[Data shown — start]

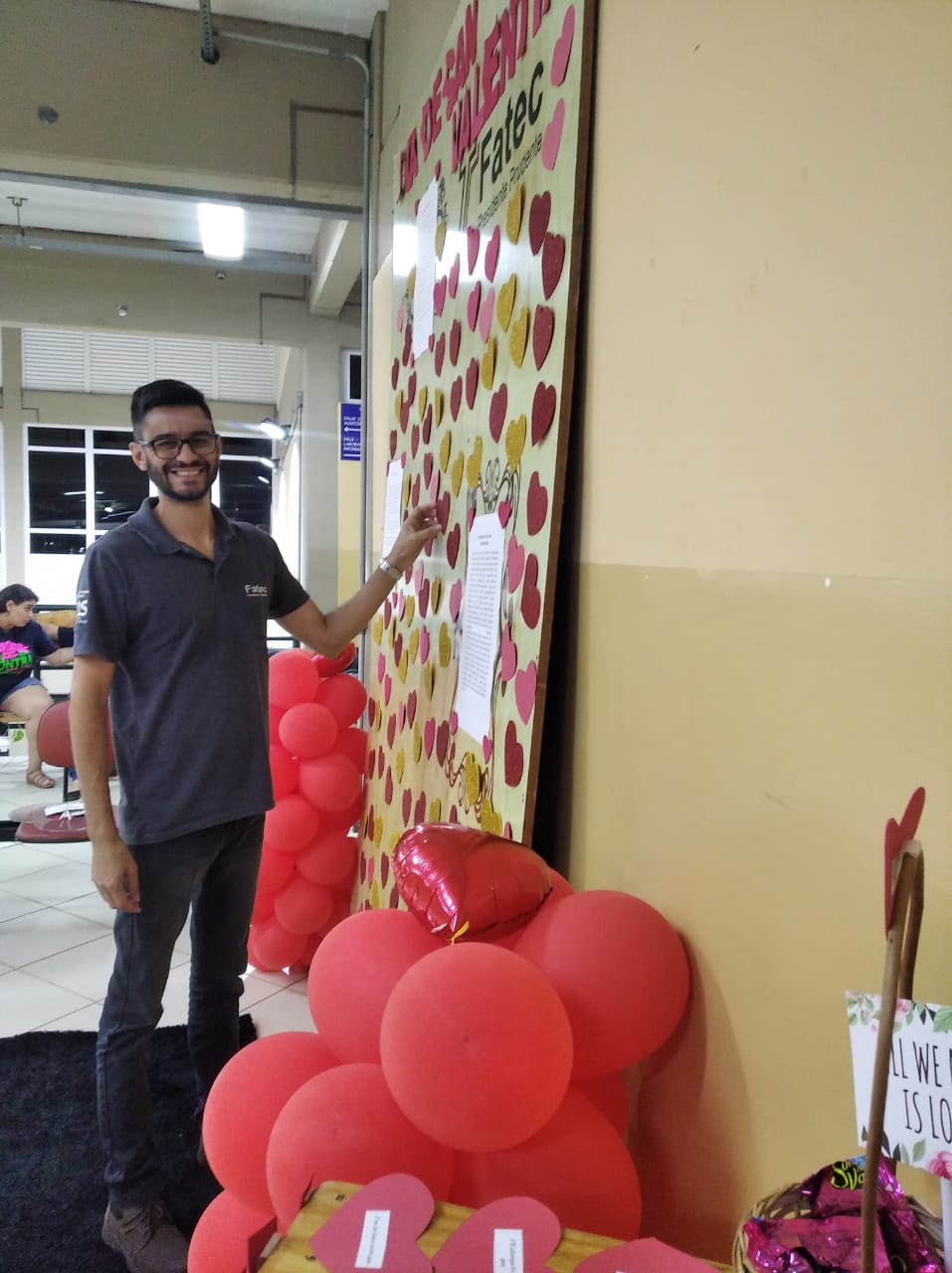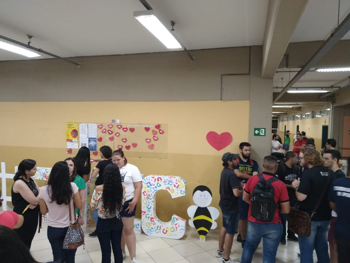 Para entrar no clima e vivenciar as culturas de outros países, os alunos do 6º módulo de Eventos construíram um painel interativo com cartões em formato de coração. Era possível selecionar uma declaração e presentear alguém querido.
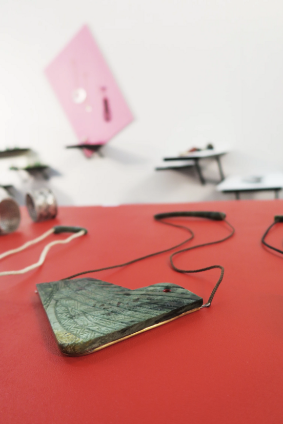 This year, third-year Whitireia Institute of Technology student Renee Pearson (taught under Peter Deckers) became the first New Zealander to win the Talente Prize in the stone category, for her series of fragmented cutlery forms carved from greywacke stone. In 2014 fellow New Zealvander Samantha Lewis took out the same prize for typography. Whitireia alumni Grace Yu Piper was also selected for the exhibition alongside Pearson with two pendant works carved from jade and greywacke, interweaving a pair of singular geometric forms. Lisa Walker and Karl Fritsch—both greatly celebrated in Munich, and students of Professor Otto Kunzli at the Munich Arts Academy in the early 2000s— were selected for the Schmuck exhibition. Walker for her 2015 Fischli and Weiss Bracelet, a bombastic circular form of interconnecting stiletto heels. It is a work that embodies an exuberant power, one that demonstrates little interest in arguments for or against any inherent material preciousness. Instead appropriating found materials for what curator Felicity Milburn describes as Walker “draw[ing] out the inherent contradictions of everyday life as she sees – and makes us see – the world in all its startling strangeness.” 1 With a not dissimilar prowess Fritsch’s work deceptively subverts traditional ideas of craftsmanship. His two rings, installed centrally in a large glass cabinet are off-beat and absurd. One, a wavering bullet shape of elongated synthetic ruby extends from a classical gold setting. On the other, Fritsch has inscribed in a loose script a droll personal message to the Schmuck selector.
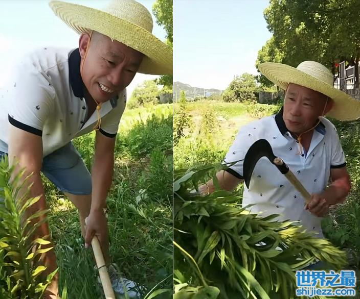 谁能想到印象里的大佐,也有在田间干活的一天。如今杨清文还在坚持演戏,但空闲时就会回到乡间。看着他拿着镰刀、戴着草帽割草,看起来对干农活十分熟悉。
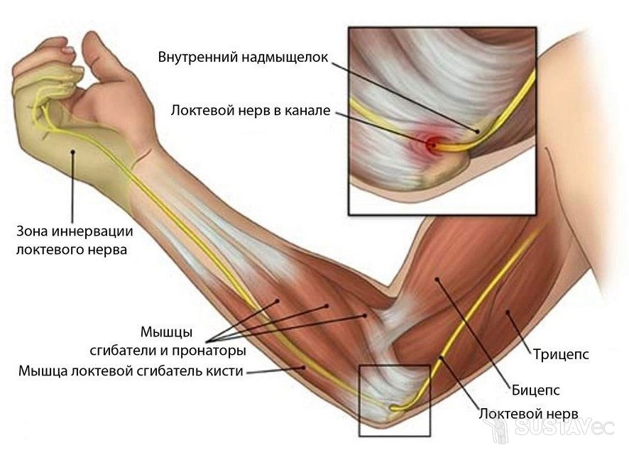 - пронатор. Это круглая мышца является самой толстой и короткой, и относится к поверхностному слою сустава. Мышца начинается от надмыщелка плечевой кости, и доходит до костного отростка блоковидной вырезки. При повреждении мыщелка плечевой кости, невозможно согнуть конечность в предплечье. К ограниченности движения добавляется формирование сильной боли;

[Data shown — finish]
[Data shown — start]

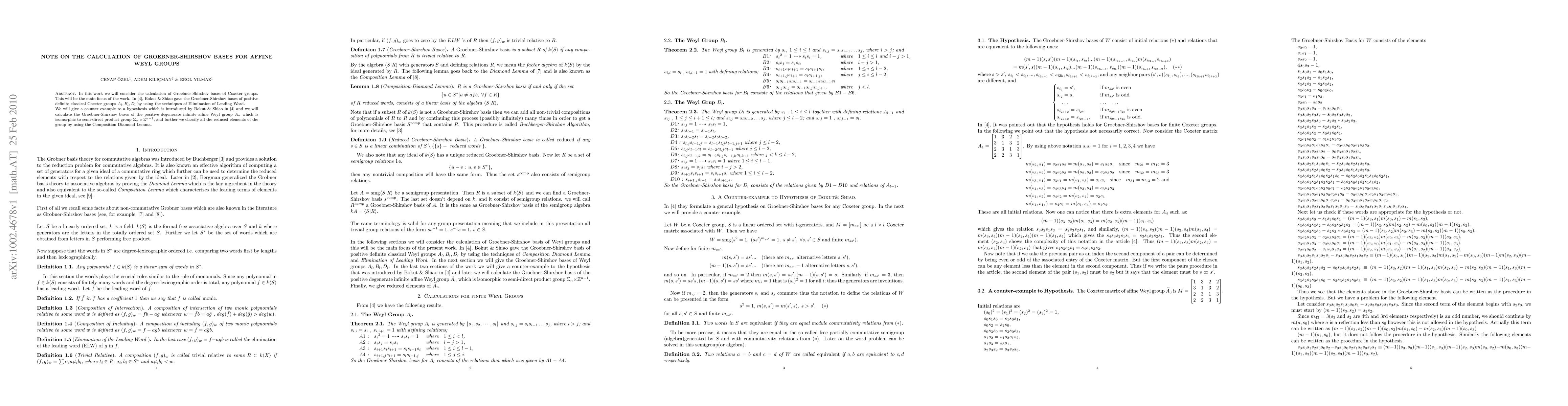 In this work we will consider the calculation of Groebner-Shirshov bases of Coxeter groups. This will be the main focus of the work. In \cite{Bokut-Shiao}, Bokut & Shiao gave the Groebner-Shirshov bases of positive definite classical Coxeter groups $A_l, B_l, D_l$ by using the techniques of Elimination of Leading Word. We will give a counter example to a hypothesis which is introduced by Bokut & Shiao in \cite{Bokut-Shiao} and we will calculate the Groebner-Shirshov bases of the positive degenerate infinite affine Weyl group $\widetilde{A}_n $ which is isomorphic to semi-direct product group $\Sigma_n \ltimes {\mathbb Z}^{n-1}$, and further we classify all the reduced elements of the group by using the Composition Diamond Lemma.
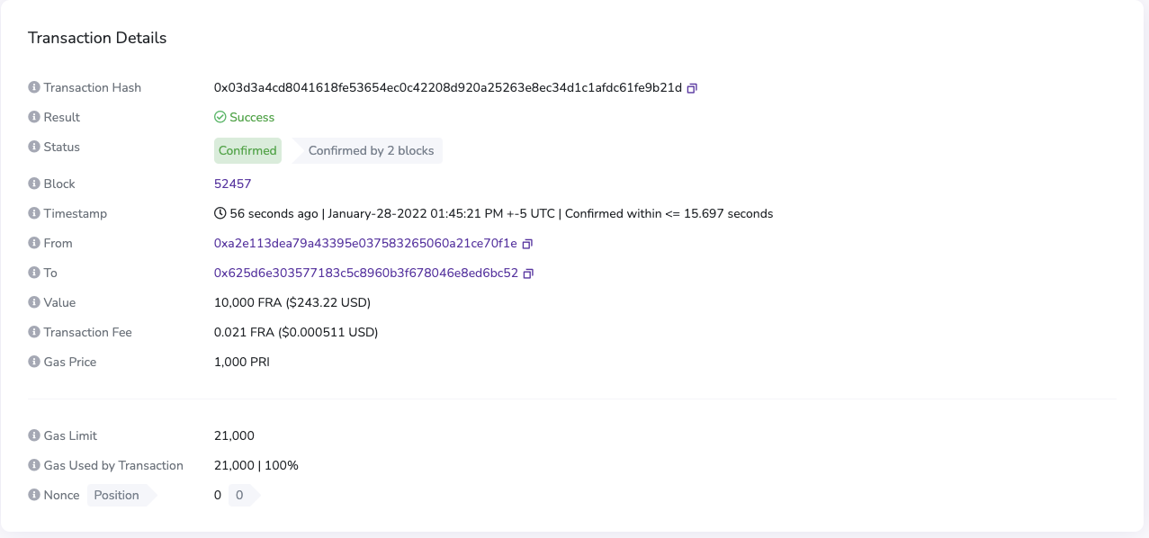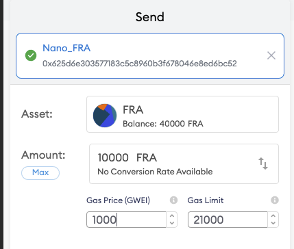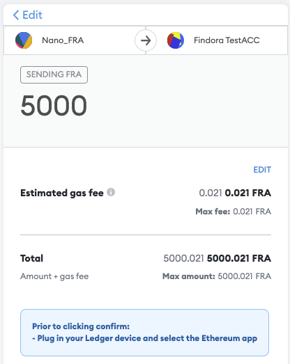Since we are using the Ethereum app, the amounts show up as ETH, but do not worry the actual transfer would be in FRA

[Data shown — finish]

Brief
Only the lines starting at the one with "This year, third-year" and ending at the one with "- пронатор. Это" should be printed, each exactly as it appears in the material above; the pictures are to be omitted.

Task result
 This year, third-year Whitireia Institute of Technology student Renee Pearson (taught under Peter Deckers) became the first New Zealander to win the Talente Prize in the stone category, for her series of fragmented cutlery forms carved from greywacke stone. In 2014 fellow New Zealvander Samantha Lewis took out the same prize for typography. Whitireia alumni Grace Yu Piper was also selected for the exhibition alongside Pearson with two pendant works carved from jade and greywacke, interweaving a pair of singular geometric forms. Lisa Walker and Karl Fritsch—both greatly celebrated in Munich, and students of Professor Otto Kunzli at the Munich Arts Academy in the early 2000s— were selected for the Schmuck exhibition. Walker for her 2015 Fischli and Weiss Bracelet, a bombastic circular form of interconnecting stiletto heels. It is a work that embodies an exuberant power, one that demonstrates little interest in arguments for or against any inherent material preciousness. Instead appropriating found materials for what curator Felicity Milburn describes as Walker “draw[ing] out the inherent contradictions of everyday life as she sees – and makes us see – the world in all its startling strangeness.” 1 With a not dissimilar prowess Fritsch’s work deceptively subverts traditional ideas of craftsmanship. His two rings, installed centrally in a large glass cabinet are off-beat and absurd. One, a wavering bullet shape of elongated synthetic ruby extends from a classical gold setting. On the other, Fritsch has inscribed in a loose script a droll personal message to the Schmuck selector.
 谁能想到印象里的大佐,也有在田间干活的一天。如今杨清文还在坚持演戏,但空闲时就会回到乡间。看着他拿着镰刀、戴着草帽割草,看起来对干农活十分熟悉。
 - пронатор. Это круглая мышца является самой толстой и короткой, и относится к поверхностному слою сустава. Мышца начинается от надмыщелка плечевой кости, и доходит до костного отростка блоковидной вырезки. При повреждении мыщелка плечевой кости, невозможно согнуть конечность в предплечье. К ограниченности движения добавляется формирование сильной боли;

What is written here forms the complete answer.